El 3 de enero de 2026 se consumó un hecho sin precedentes en América Latina y el orden internacional: una operación militar de los Estados Unidos contra Venezuela que incluyó ataques aéreos, bombardeos en Caracas y otras zonas del país, y el secuestro político del presidente Nicolás Maduro y su esposa, Cilia Flores, trasladándolos posteriormente a Nueva York para enfrentar cargos criminales. Esta acción ha sido calificada por expertos y por la misma Secretaría General de las Naciones Unidas como una violación grave de los principios del derecho internacional y de la Carta de las Naciones Unidas.

La Carta de las Naciones Unidas, piedra angular del derecho internacional desde 1945, establece de manera clara que todos los Estados deben “abstenerse en sus relaciones internacionales de la amenaza o uso de la fuerza contra la integridad territorial o la independencia política de cualquier Estado”, y solo permite el uso de la fuerza en dos excepciones estrictas: cuando está autorizado por el Consejo de Seguridad o cuando ocurre un ataque armado que habilita la legítima defensa conforme al Artículo 51 de la Carta.

En el caso de Venezuela, no existió autorización del Consejo de Seguridad, ni una agresión armada que pudiera justificar legítima defensa; por el contrario, la intervención unilateral de Washington rompió con esos marcos jurídicos, y según analistas de derecho internacional, constituye una forma de agresión ilícita y un atentado contra la democracia y la soberanía venezolana.

Una ruptura del orden mundial basado en la ley

Organismos internacionales y juristas han advertido que esta operación de Estados Unidos no solo es supralegal, sino que establece un peligroso precedente: legitimar las formas de violencia por encima de la diplomacia y el respeto a los tratados internacionales. El Secretario General de la ONU, António Guterres, expresó su alarma por el impacto que esta acción podría tener en la estabilidad regional y sobre el sistema multilateral cuya finalidad principal es justamente evitar la fuerza unilateral como medio de resolución de conflictos.

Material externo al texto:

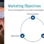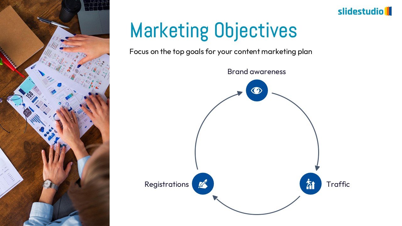 The slide features a prominent “Marketing Objectives” title and a subheading that reads “Focus on the top goals for your content marketing plan.” A cyclical diagram illustrates three interconnected objectives: “Brand awareness” (with an eye icon), “Registrations” (with a person icon), and “Traffic” (with a bar chart icon). This layout is highly effective for outlining the core goals of a content marketing strategy and demonstrating their interconnectedness, making it ideal for marketing teams or strategists to present their objectives to stakeholders or clients.
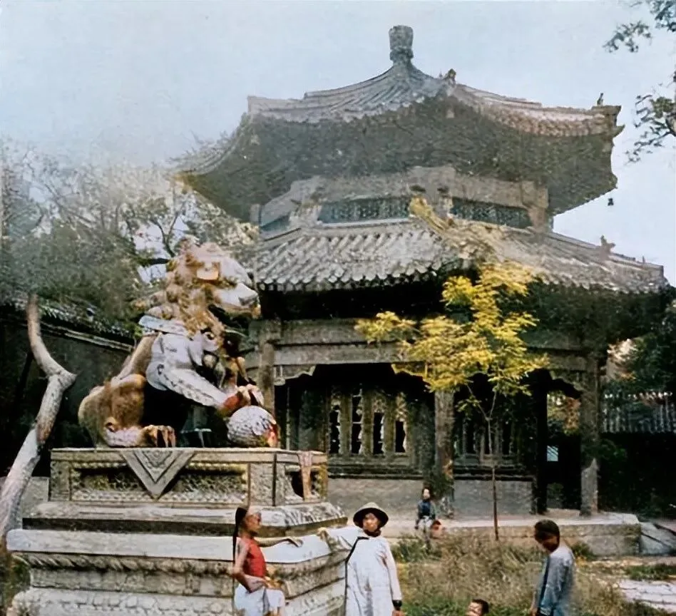 这只彩绘过的石狮子瞪着铜眼,前爪按着绣球,后面八角亭的檐子层层叠,小时候我跟着爸爸来过一回,手摸到狮身的冰凉,心里却热得慌。
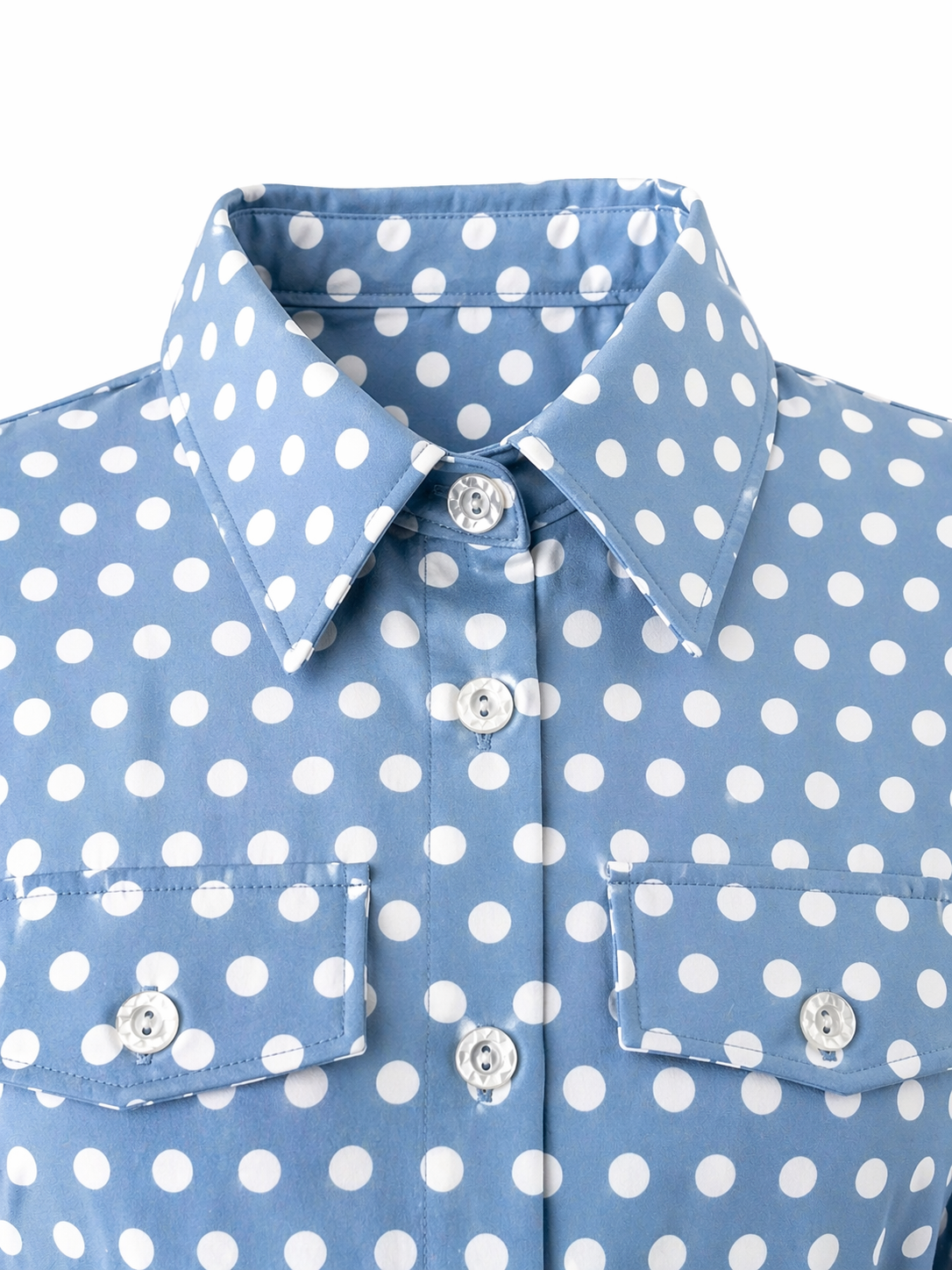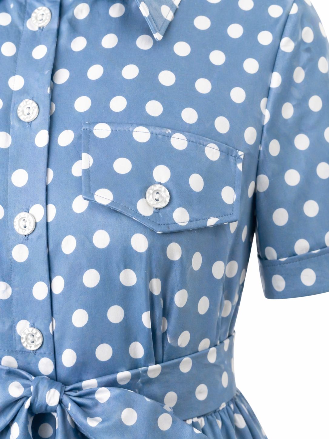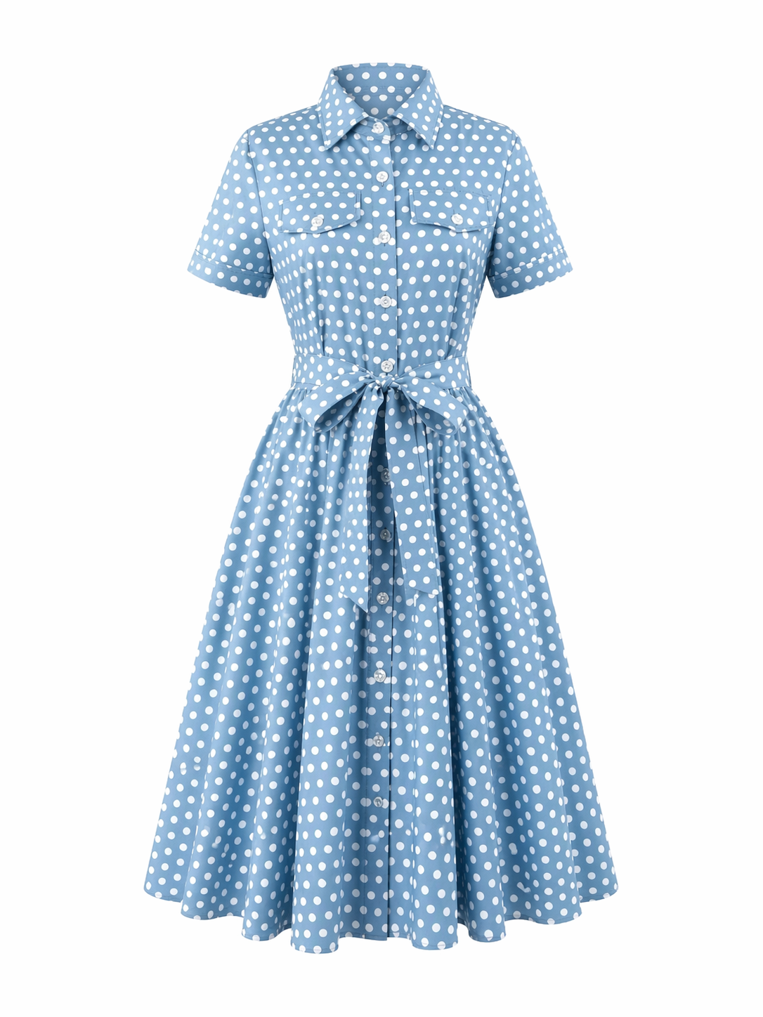 Роклята е в миди дължина с клош кройка, която създава красиво движение и лекота. Десенът на точки добавя фин и романтичен акцент, а синият цвят прави модела свеж и лесен за комбиниране.
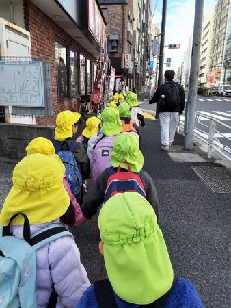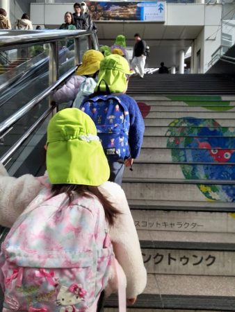 朝の会後にみんなで支度をして出発。
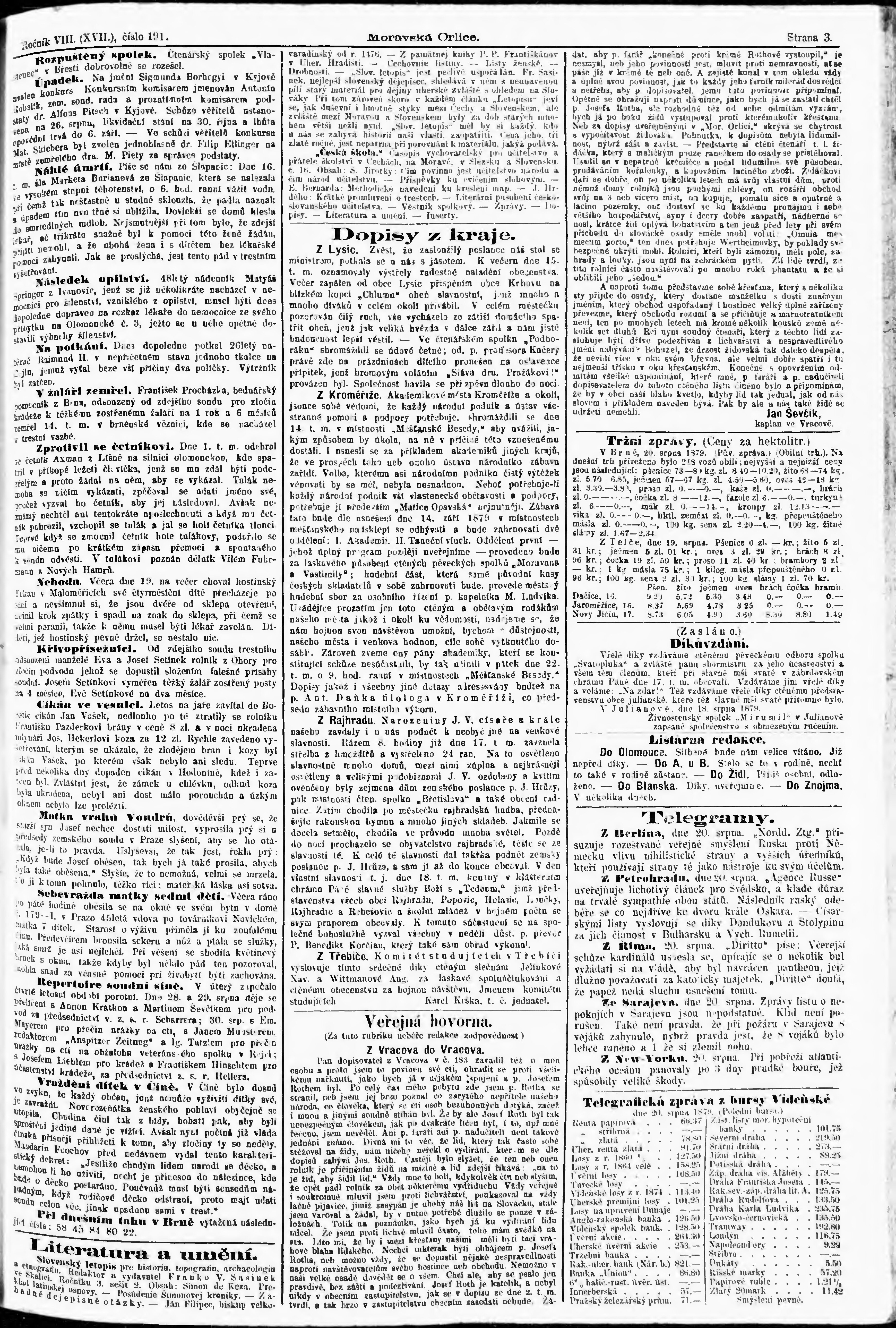 * Datum vydání výtisku: 21.8.1879 Číslo výtisku: 191

Diversos estados, entre ellos Rusia, China y Colombia, han denunciado que las acciones de Washington constituyen una violación de la soberanía, la independencia política y la integridad territorial de Venezuela, garantizadas por la Carta de las Naciones Unidas.  Las acusaciones se extienden a señalar que tras este ataque se abre la puerta a un orden mundial basado en la fuerza y no en la ley, donde los intereses—sean económicos o geopolíticos—se sitúan por encima de las normas fundamentales que han regido las relaciones entre estados desde el fin de la Segunda Guerra Mundial.

 

Artistas convocan a manifestarse por la paz tras violación del derecho internacional por parte de Estados Unidos

El llamado de los artistas por la paz

Frente a esta grave crisis del derecho internacional y de los valores democráticos, artistas de múltiples países han levantado su voz en defensa de la paz, la justicia y el respeto a la soberanía de los pueblos. Entre ellos, la artista colombiana Patricia Ariza afirmó con emoción:

“Yo quisiera una flotilla de artistas para defender El Caribe”, convocando no solo a su comunidad creativa, sino a toda la sociedad civil global a alzar la voz.

Este llamado simboliza la unión de la cultura como herramienta de resistencia no violenta, denunciando la normalización de la violencia sobre la diplomacia y reclamando el respeto irrestricto a los principios del derecho internacional.

¿Qué tipo de artistas pueden participar?

La convocatoria es amplia y plural:

  • Músicos y bandas que realicen giras y conciertos por la paz.
  • Poetas y escritores que promuevan la reflexión sobre democracia y dignidad humana.
  • Pintores y muralistas plasmando murales en espacios públicos que celebren la justicia.
  • Actores y teatreros haciendo performances que recuerden el valor del diálogo y la cooperación.
  • Cineastas y documentalistas que produzcan obras que expliquen este momento histórico y sus consecuencias.

Una invitación al mundo

En un contexto donde las acciones unilaterales ponen en riesgo los valores más fundamentales de la convivencia internacional, los artistas invitan a organizar manifestaciones pacíficas en todo el mundo: plazas, calles, teatros, salas de concierto y espacios virtuales. La cultura tiene un rol indispensable para recordar a los pueblos y a los gobiernos que la paz, la justicia y el respeto al derecho internacional no son negociables, sino la base de una convivencia global legítima y digna.